» THE TASK:
Search the listing below for the line containing "ヘコむあだ名 | 『ちえお』『ちえこ(笑)』『酢こんぶ』 |". From there through the line containing "Model IWD971 features", transcribe every line exactly, both ends included.

» RECORDS PROVIDED:
* * * * * * * * *
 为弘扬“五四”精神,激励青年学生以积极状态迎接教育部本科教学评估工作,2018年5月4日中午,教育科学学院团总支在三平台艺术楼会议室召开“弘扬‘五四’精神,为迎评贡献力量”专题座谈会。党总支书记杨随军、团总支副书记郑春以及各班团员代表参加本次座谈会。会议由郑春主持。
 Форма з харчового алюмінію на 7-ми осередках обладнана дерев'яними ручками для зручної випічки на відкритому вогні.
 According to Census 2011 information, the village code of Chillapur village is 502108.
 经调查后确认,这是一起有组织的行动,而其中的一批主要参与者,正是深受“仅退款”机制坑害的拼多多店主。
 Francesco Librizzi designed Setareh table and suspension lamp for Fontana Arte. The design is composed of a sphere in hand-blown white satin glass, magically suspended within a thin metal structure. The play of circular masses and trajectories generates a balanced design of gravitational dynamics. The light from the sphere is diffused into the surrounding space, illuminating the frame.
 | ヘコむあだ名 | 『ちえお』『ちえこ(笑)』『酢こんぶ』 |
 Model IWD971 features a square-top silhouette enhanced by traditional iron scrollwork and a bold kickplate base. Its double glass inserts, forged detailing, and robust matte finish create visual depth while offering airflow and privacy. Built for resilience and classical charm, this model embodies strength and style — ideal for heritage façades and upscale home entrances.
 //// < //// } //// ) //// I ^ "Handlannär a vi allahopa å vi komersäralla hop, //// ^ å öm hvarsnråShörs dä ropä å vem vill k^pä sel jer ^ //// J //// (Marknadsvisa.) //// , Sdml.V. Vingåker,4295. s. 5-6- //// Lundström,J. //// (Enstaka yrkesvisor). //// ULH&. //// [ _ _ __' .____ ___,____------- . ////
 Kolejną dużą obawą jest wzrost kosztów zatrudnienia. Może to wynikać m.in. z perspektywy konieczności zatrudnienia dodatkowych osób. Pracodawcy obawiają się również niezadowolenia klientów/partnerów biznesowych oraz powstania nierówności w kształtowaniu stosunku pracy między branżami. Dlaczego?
* * * * * * * * *
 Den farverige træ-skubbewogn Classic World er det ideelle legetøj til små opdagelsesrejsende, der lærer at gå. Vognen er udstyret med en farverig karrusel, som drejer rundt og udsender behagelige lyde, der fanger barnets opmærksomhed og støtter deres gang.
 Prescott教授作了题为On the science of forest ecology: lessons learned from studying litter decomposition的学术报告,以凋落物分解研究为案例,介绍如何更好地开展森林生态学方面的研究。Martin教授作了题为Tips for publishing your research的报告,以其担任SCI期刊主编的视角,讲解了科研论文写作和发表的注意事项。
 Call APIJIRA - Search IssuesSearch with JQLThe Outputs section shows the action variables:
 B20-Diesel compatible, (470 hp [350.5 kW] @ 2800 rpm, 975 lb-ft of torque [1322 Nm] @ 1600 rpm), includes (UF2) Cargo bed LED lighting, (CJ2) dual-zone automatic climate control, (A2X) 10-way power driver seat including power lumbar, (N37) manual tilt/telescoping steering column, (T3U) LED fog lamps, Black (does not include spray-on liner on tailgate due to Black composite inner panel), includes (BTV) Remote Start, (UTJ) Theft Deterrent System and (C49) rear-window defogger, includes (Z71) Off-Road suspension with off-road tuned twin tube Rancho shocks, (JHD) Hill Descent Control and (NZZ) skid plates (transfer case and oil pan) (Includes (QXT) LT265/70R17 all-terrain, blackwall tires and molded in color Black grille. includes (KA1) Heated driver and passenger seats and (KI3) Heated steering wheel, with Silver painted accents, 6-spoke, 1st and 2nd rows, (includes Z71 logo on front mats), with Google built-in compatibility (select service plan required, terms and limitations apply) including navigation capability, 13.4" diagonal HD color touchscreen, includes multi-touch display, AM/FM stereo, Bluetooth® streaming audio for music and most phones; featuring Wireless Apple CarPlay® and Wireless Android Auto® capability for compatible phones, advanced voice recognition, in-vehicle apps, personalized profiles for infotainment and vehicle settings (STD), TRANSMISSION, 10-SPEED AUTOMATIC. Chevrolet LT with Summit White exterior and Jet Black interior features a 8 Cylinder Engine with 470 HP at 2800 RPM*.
* * * * * * * * *
» ANSWER FOR THIS EXERCISE:
 | ヘコむあだ名 | 『ちえお』『ちえこ(笑)』『酢こんぶ』 |
 Model IWD971 features a square-top silhouette enhanced by traditional iron scrollwork and a bold kickplate base. Its double glass inserts, forged detailing, and robust matte finish create visual depth while offering airflow and privacy. Built for resilience and classical charm, this model embodies strength and style — ideal for heritage façades and upscale home entrances.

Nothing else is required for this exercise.